(Beginning of Data provided)

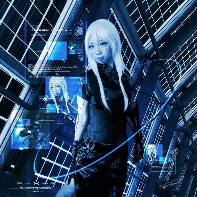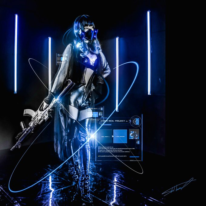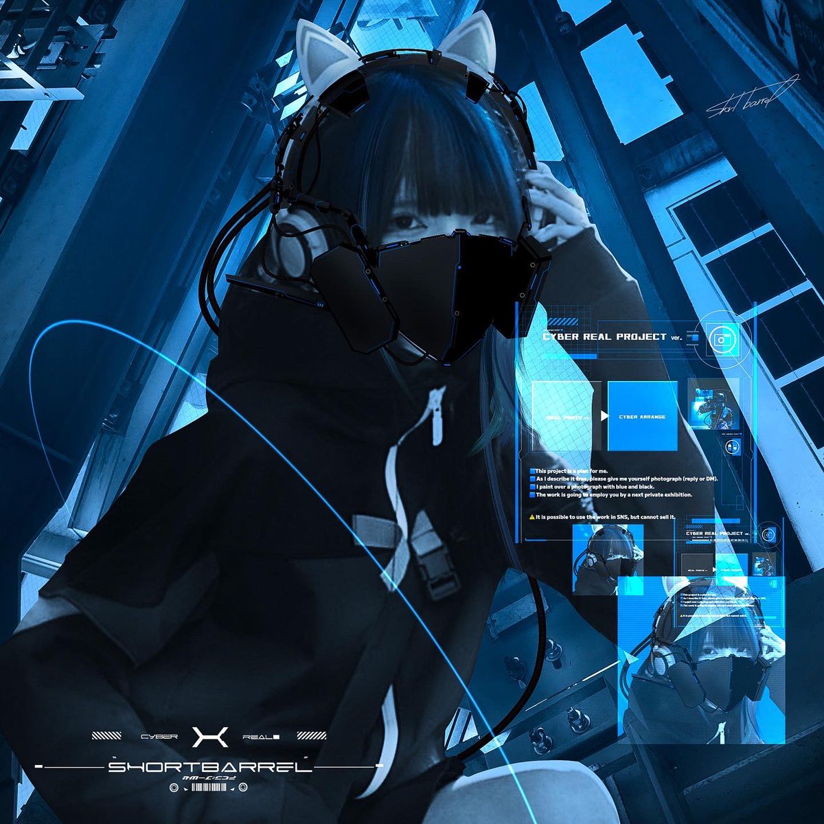写真の上からイラストを描く。 それが 『cyber real project⬛️🟦』 べるかさん model(@beruka225 ) logo(@yuyusuki2 ) #カッコイイと思ったらRT #しょーとばれる #cyberpunk
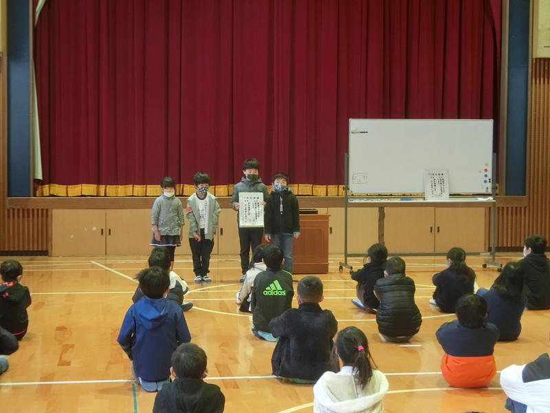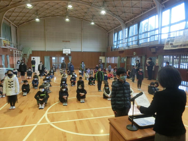 金曜集会では、1・2年生が代表して12月の月目標の振り返りを行いました。「換気隊長の呼びかけで、換気がしっかりできました。」と発表していました。
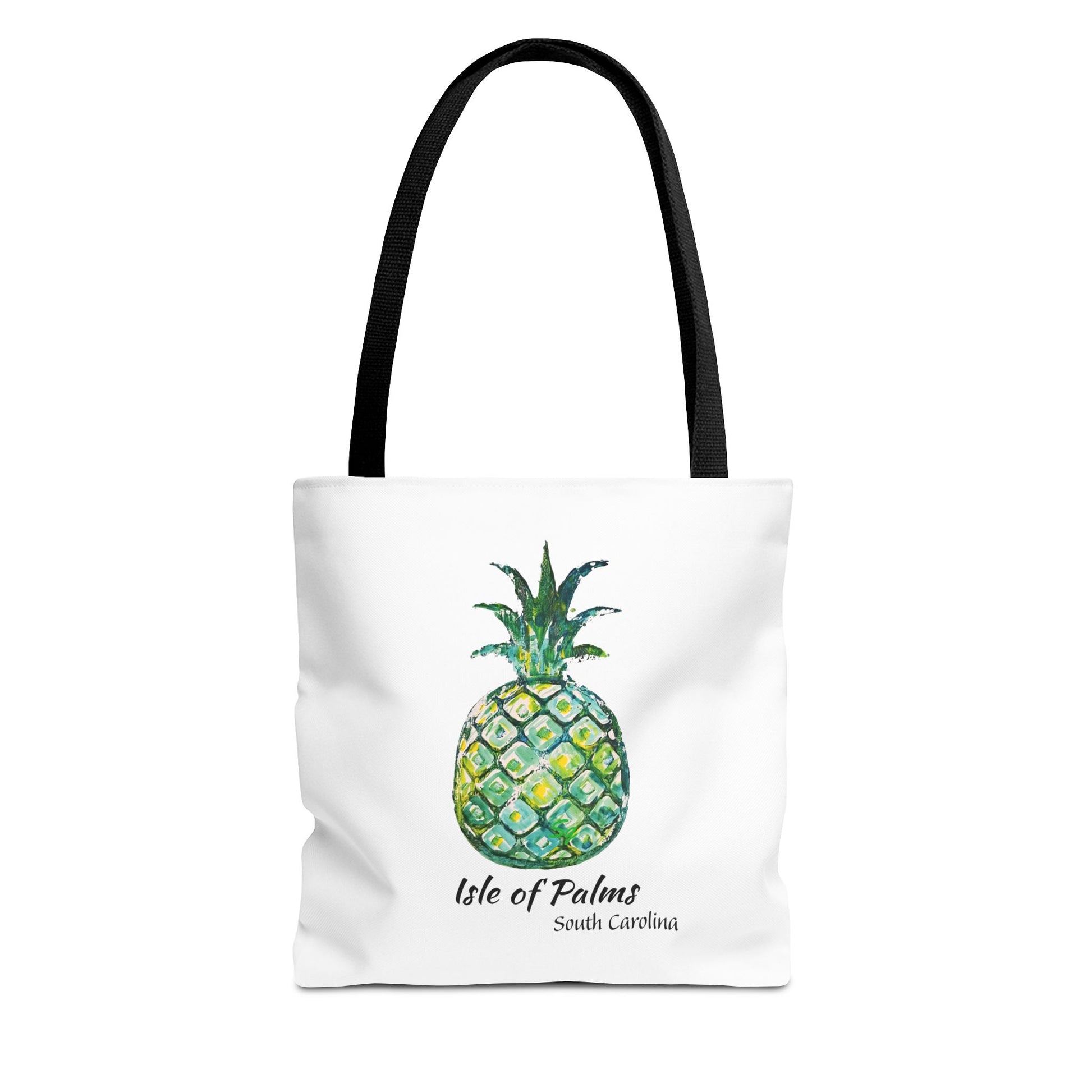 Brings seaside color to everyday errands with this original watercolor-pineapple art in sapphire and teal against crisp white fabric. It carries groceries, beach reads, or market finds, and the boxed-corner silhouette gives the bag roomy depth so your essentials sit neatly inside.

(End of Data provided)

Required work =
Restate the data above exactly, stripping out each image.

Worked solution =
写真の上からイラストを描く。 それが 『cyber real project⬛️🟦』 べるかさん model(@beruka225 ) logo(@yuyusuki2 ) #カッコイイと思ったらRT #しょーとばれる #cyberpunk
 金曜集会では、1・2年生が代表して12月の月目標の振り返りを行いました。「換気隊長の呼びかけで、換気がしっかりできました。」と発表していました。
 Brings seaside color to everyday errands with this original watercolor-pineapple art in sapphire and teal against crisp white fabric. It carries groceries, beach reads, or market finds, and the boxed-corner silhouette gives the bag roomy depth so your essentials sit neatly inside.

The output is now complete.